The revelation is just the latest warning from FDA that kratom, a botanical from Southeast Asia, poses risks to human health.
Gottlieb said FDA scientists tested 26 separate kratom products obtained by the agency’s field investigators as part of efforts related to a multistate outbreak of salmonella infections or concerning actions taken by FDA to protect consumers from unsubstantiated claims from marketers that their unapproved kratom products treat serious medical conditions.
Lyndsay Meyer, an FDA spokeswoman, confirmed all 26 products contained lead and/or nickel.
Kratom is consumed for various purposes, experts said, including treatment of minor pain, to relieve anxiety and for respite from withdrawal symptoms associated with use of opioids. The botanical--otherwise known as Mitragyna speciosa--has been used for more than a century in Southeast Asia, and an estimated three to five million Americans use kratom.
FDA has described certain compounds in kratom as opioids, and Gottlieb said the botanical is not legally marketed in the United States as either a drug or dietary supplement.
“For individuals seeking treatment for opioid use disorder who are being told that kratom can be an effective treatment, I urge you to seek help from a health care provider,” he said. “More widespread adoption of treatment with safe and effective FDA-approved medications, coupled with relevant social, medical and psychological services, has the highest probability of being the most effective way to help those suffering from opioid addiction transition to lives of sobriety.”

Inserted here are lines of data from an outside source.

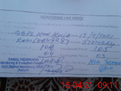 | Attendance Register | Head Teacher | MEA with School | Visit Proof |
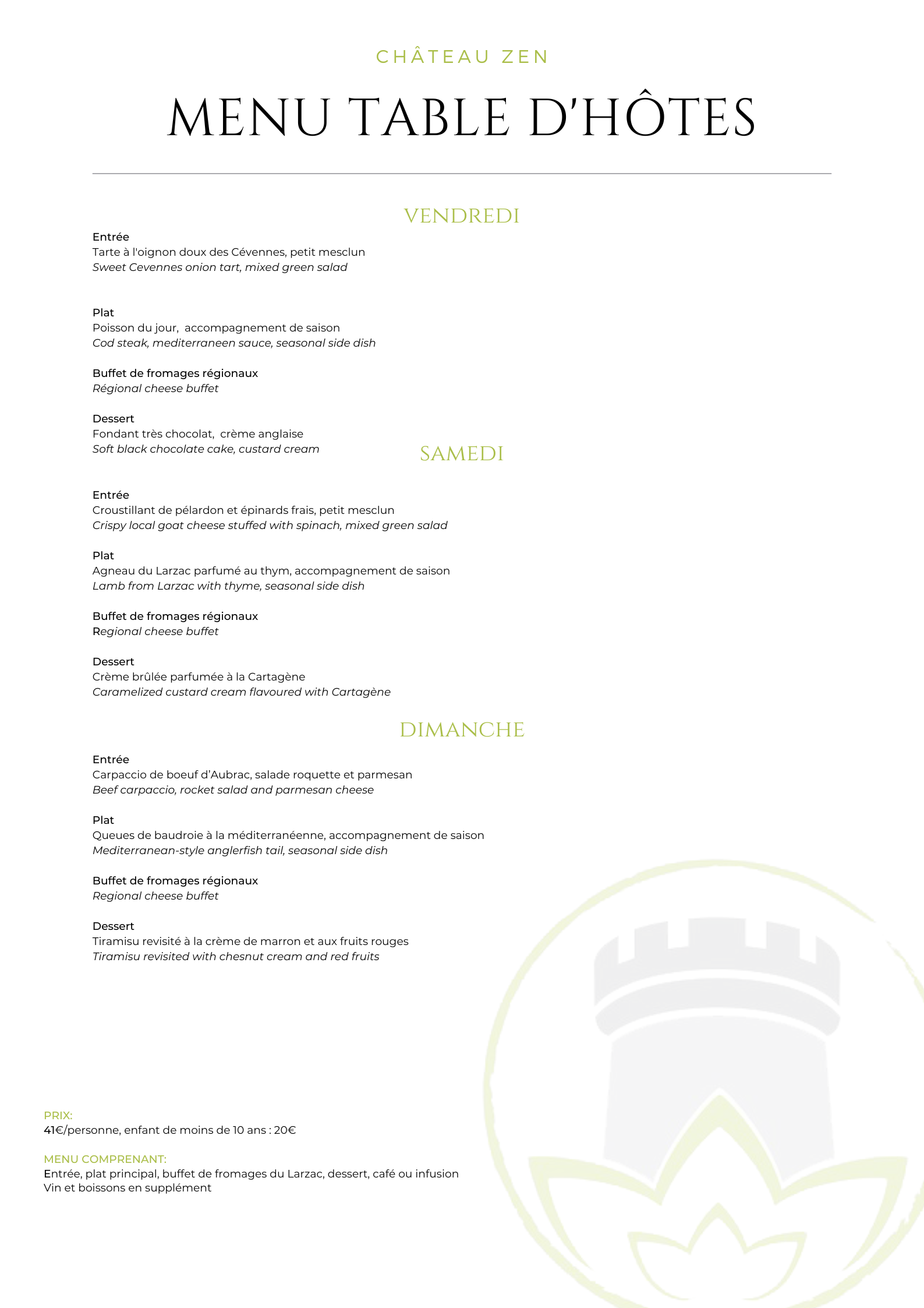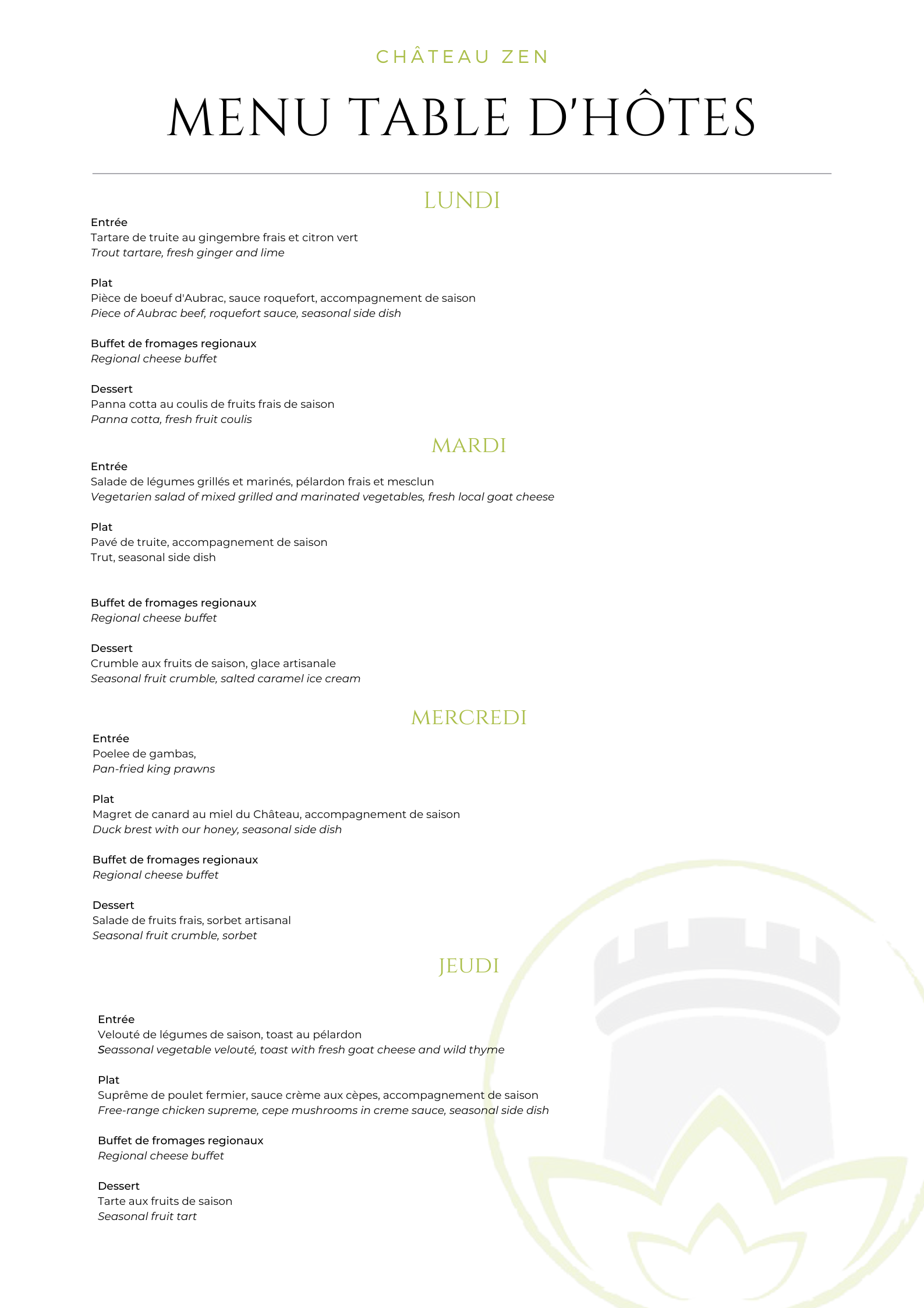 Tous les repas sont réservés uniquement à la clientèle, à réserver au moins 48h en avance (sous réserve de disponibilité).
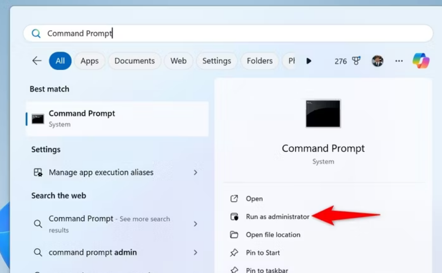要使用此方法,请访问 Windows 搜索,键入命令提示符,然后选择“以管理员身份运行”。
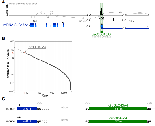 本文研究的是由SLC45A4的第一外显子产生的circRNA, circSLC45A4,该circRNA在人类和热带非洲爪蟾之间高度保守。在妊娠第22周时人类胚胎额叶皮层中鉴定所有的36,408个circRNA中,circSLC45A4的circRNA:mRNA比率(circRNA表达比mRNA高47倍)排名第六,表明circSLC45A4在神经发育中的重要作用。PhyloPscore评估发现,形成circSLC45A4的外显子比该基因的第8个外显子更保守。
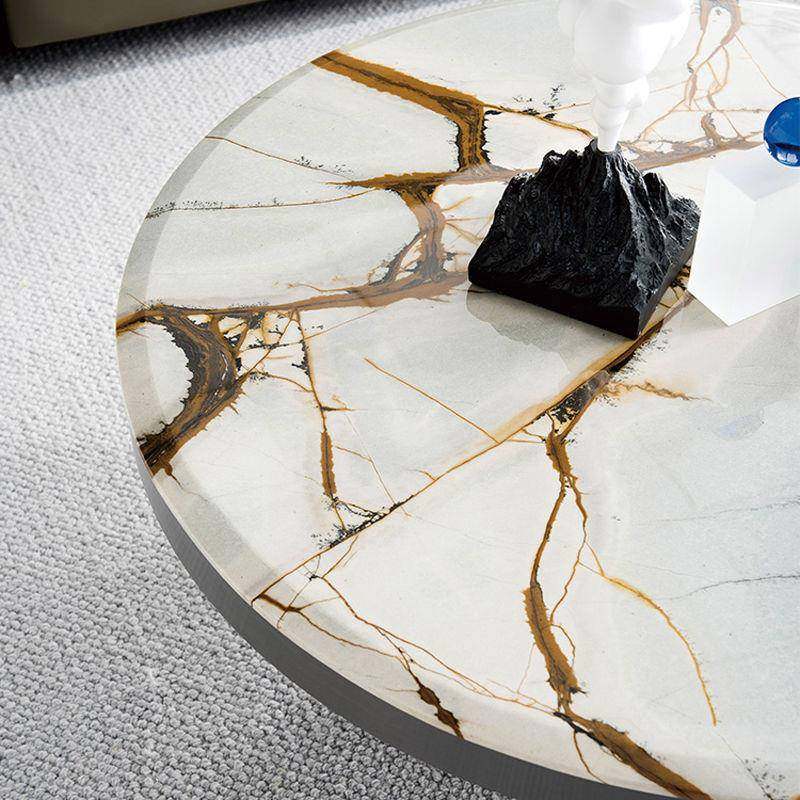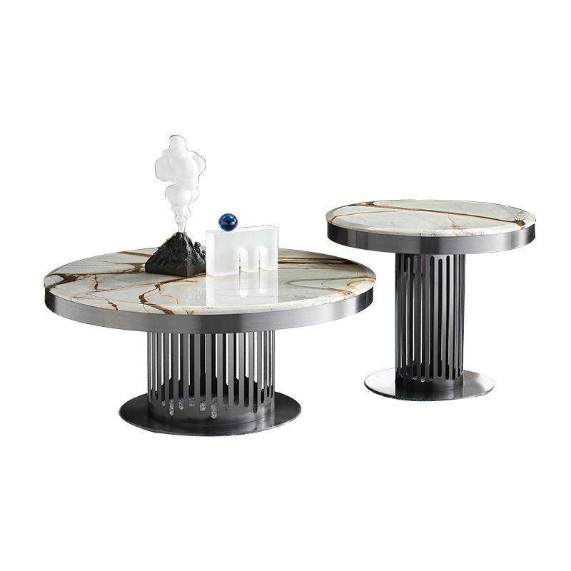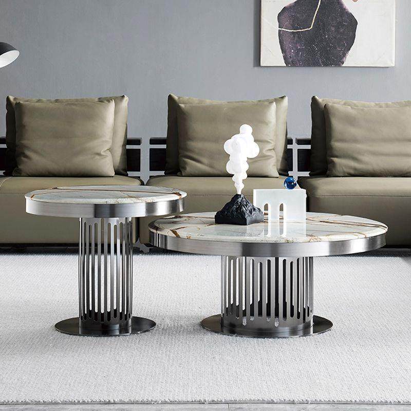 意式轻奢大理石面茶几组合现代极简金属茶几边几小户型客厅家具

As reported earlier this month by STAT, the U.S. Department of Health and Human Services (HHS) through FDA has recommended to the Drug Enforcement Administration (DEA) that two compounds in kratom—mitragynine and 7-hydroxymitragynine—be controlled as Schedule I drugs under the Controlled Substances Act.

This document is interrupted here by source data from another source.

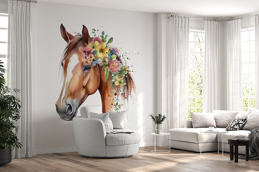Képzelje el, hogy belép egy szobába, és egy fenséges, élénk virágokkal díszített ló fogadja. Ez a falfestmény pontosan ezt teszi – egy egyszerű falat varázsol kellemes meglepetést! Tökéletes az állatbarátoknak, a gyerekeknek, vagy bárkinek, aki egy kis szeszélyt szeretne vinni a helyiségébe. A színek annyira élénkek, hogy gyakorlatilag egyenesen a falról pattannak ki. Képzeld el a kisgyermeked örömét vagy a vendégeid mosolyát ennek a lenyűgöző ménesnek a láttán.
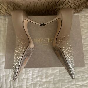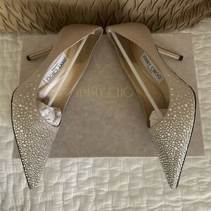 Authentic Jimmy Choo Love 85 Pump with crystals on satin. Size 36 1/2. Used only once for my wedding. Retail $1295 plus tax
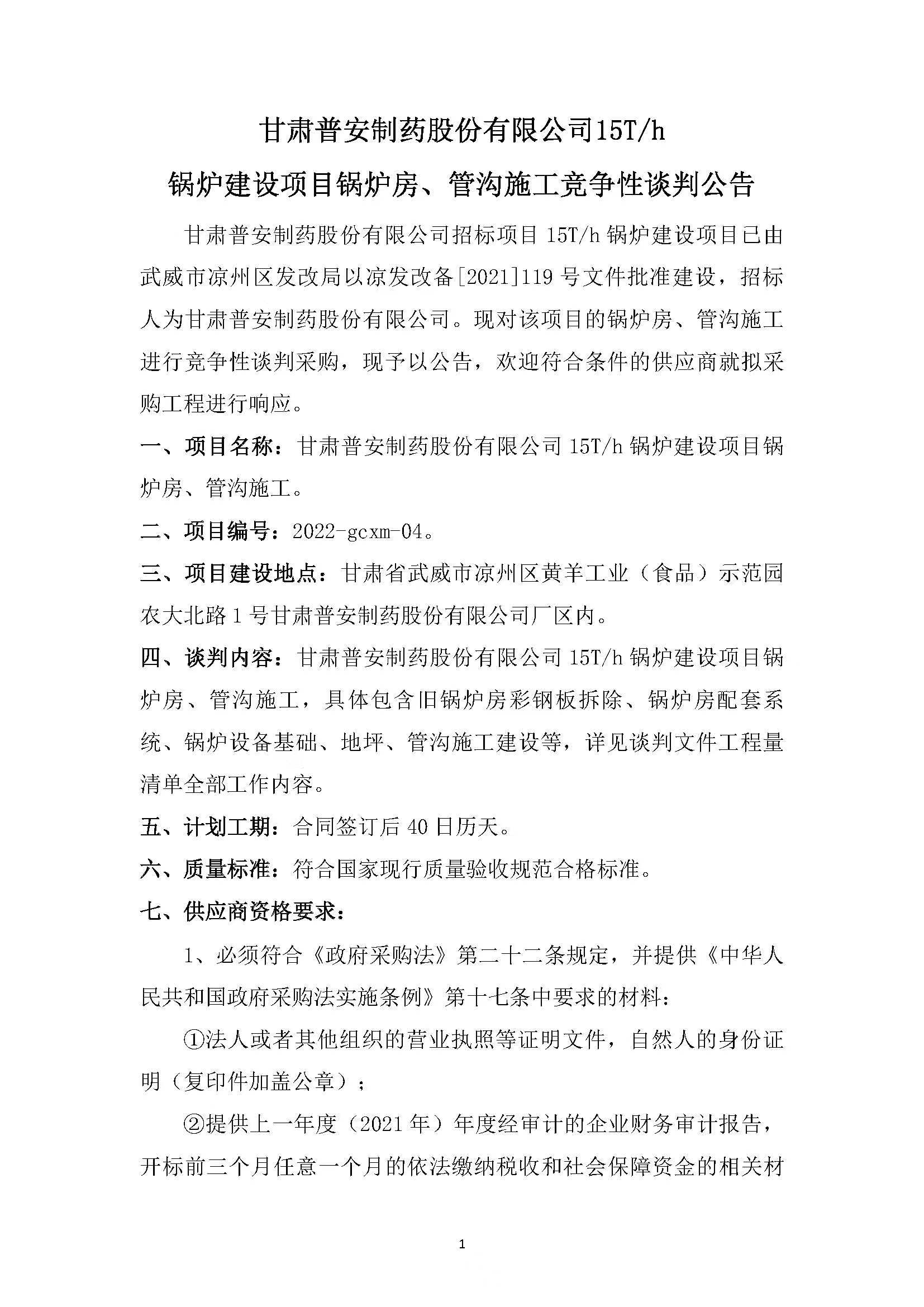 甘肅普安制藥股份有限公司15T/h鍋爐建設(shè)項(xiàng)目鍋爐房、管溝施工競(jìng)爭(zhēng)性談判公告
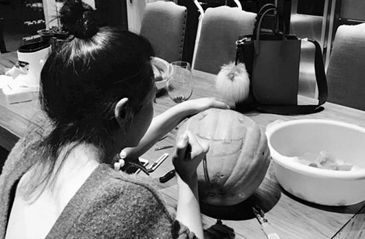 随着万圣节的临近,不少网友已经开始筹划自己万圣节的安排。而殷桃也在自己的微博放出两张自己手工制作南瓜灯庆祝万圣节的黑白照片。
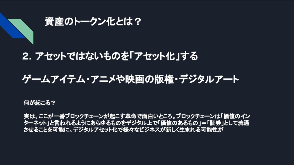 2.アセットではないものを「アセット化」する ゲームアイテム・アニメや映画の版権・デジタルアート 何が起こる? 実は、ここが一番ブロックチェーンが起こす革命で面白いところ。ブロックチェーンは「価値のイン ターネット」と言われるようにあらゆるものをデジタル上で「価値のあるもの」=「証券」として流通 させることを可能に。デジタルアセット化で様々なビジネスが新しく生まれる可能性が 資産のトークン化とは?
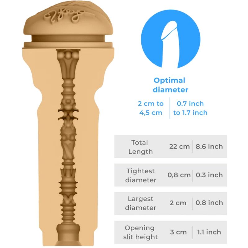 El masturbador FeelReya contiene un material suave similar a la piel que ha sido moldeado a partir de las partes más íntimas del cuerpo de Reya para brindarte LA interacción sexual más real con tu creador de contenido favorito.
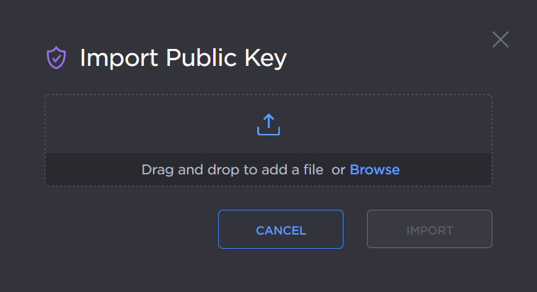 To delete one or more previously uploaded public key files from the list, check the checkbox next to one or more filenames (or check All) and click Delete.

If adopted by DEA through a scheduling action, HHS’ recommendation would place kratom in the same drug category as heroin, peyote and LSD, making the botanical unlawful to purchase in the United States and forcing consumers who wanted it to turn to the black market.

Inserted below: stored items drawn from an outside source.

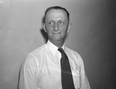 John Stinzendorfer, manager of Thurber Lake, Thurber, Texas. Mr. Stinzendorfer is seen to be wearing a tie and standing against the wall. Published in the Fort Worth Star-Telegram.
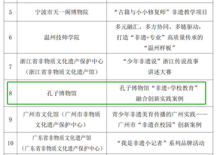 近日,文化和旅游部民族民间文艺发展中心公布“2025非遗传播创新案例”评选结果,孔子博物馆申报的《“非遗+学校教育”融合创新实践案例》成功入选。
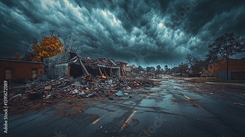 A dark, stormy sky over a collapsed building, symbolizing failure and devastation
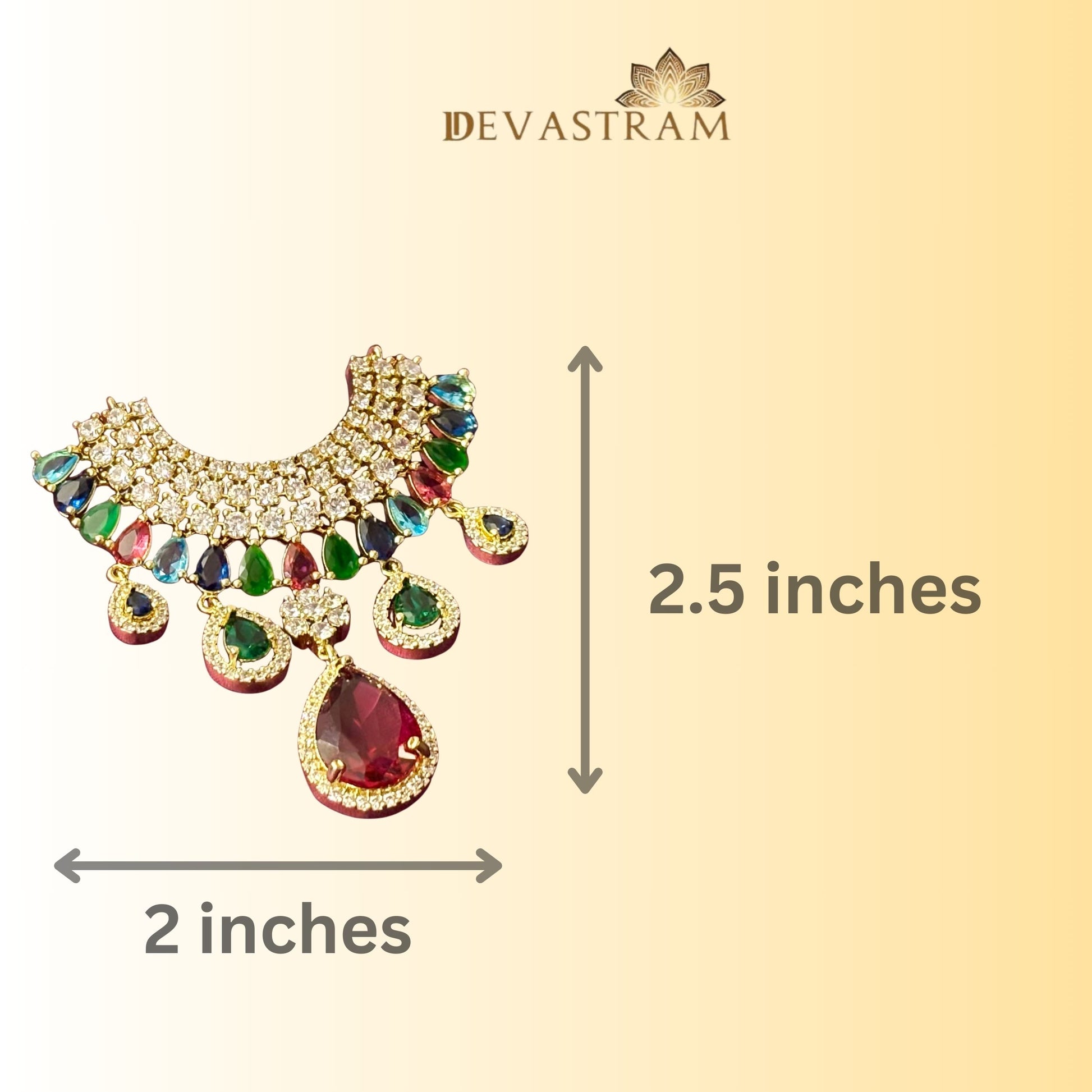 - Elegant mixed gemstone palette including green, blue, ruby, sapphire and emerald tones Handcrafted with Devotion: Each necklace is meticulously crafted by skilled artisans, reflecting traditional craftsmanship and dedication.

On Nov. 28, a group of researchers and scientists sent a letter to federal agencies including FDA expressing “major concerns” regarding HHS’ “conclusions, the actions that could be based upon it, and the implications for public health.”
An eight-factor analysis conducted by FDA, the researchers proclaimed, neglected to “include the serious public health consequences that will result from scheduling kratom, including potential exacerbation of the opioid epidemic.”